I fear people are underestimating the seriousness of the situation by looking at just confirmed cases of COVID-19 but ignoring models which warn that the only reason the numbers are so low is that we lack adequate capability to test people.
New York City passed 4,000 confirmed cases on Thursday. Last Thursday, they had 216 cases. Two weeks ago, they had 11. The number of cases is multiplying 20-fold in a week as the disease spreads and as testing becomes more widely available. It is expected New York City will add 1,000 new confirmed cases on Friday.
(UPDATE 3/20 6:50 PM ET: NYC did in fact add more than 1,000 new confirmed cases, reaching 5,151)
(UPDATE 3/20 8:00 PM ET: NYC actually added more than 4,000 new confirmed cases today, topping 8,000)
If the hospitalizatio rate maintains pace with the infection rate, New York City will run out of available hospital beds on Tuesday.
One model I examined today suggested that when comparing hospitalization rates to infection rates in hard-hit places like South Korea, China, and Italy, it is more likely New York City is adding closer to 25,000 new cases each day now instead of the 1,000 being reported.
This chart shows the actual reported positive tests in New York City in red (barely enough to move the line off the bottom of the graph) and the number of actual infections the forecasting model predicts based on comparing existing data like percentage of tests coming back positive, hospitalization rates, and mortality rates.
Simply put, by the end of next week, New York City could be reporting 10,000 active cases but would really have somewhere around 400,000 cases.
Now, to be clear, this estimate is something between a best-case and worst-case scenario. The author of the study (Michael Donnelly) used data from the New England Journal of Medicine as a basis but had to take plenty of wild guesses as there is no way to know how much we don’t know until the tests start giving more data.
This chart shows how many tests per 1 million of population each country surveyed had completed.
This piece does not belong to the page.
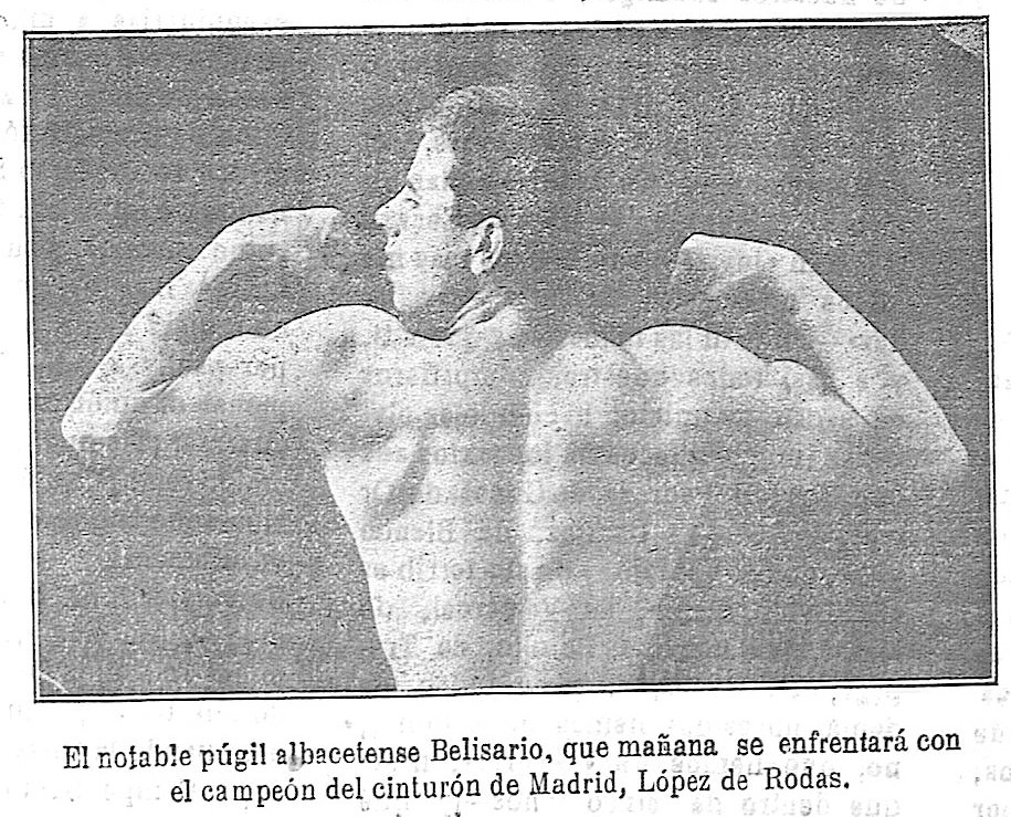 Un deporte aún joven en España que despertaba la curiosidad de propios y extraños. Aunque es verdad que el hombre se ha dado de tortas desde la prehistoria, no fue hasta mediados del siglo XIX cuando John Sholto Douglas, IX Marqués de Queensberry, estableció unas normas con las que golpearse con caballerosidad. Y a finales de ese siglo, comenzó a practicarse el boxeo en Barcelona. Aunque hasta varias décadas después no se popularizó gracias a nombres como el propio Uzcudun o Antonio Ruiz, Luis Rayo, Víctor Ferrand, Carlos Flix o Ignacio Ara. Y en esta ola de afición, surgieron en Albacete los primeros púgiles: Charles, López, Ruiz, Motos, García, Juan Sinsangre, Rubio y Belisario que, quizá, no fue formalmente el primero, aunque sí se convertiría en el primer albaceteño que boxeó de manera profesional. O como le describiría el mítico Olime al final de su vida: “Belisario, el mejor boxeador albacetense de todos los tiempos”.

Yes, that is the United States down there near the bottom with Thailand and Vietnam.
Nate Silver, who runs the 538 website and builds statistical models for everything from baseball to politics, cautioned Donnelly against making too many assumptions with so many holes in the data but offered the following assessment Thursday evening.
Lombardy is the region in Italy including Milan and Venice which has been devastated by the virus despite a massive quarantine effort.
It is unclear how terrible things are going to get, but one thing is certain, it is going to get worse before it gets better.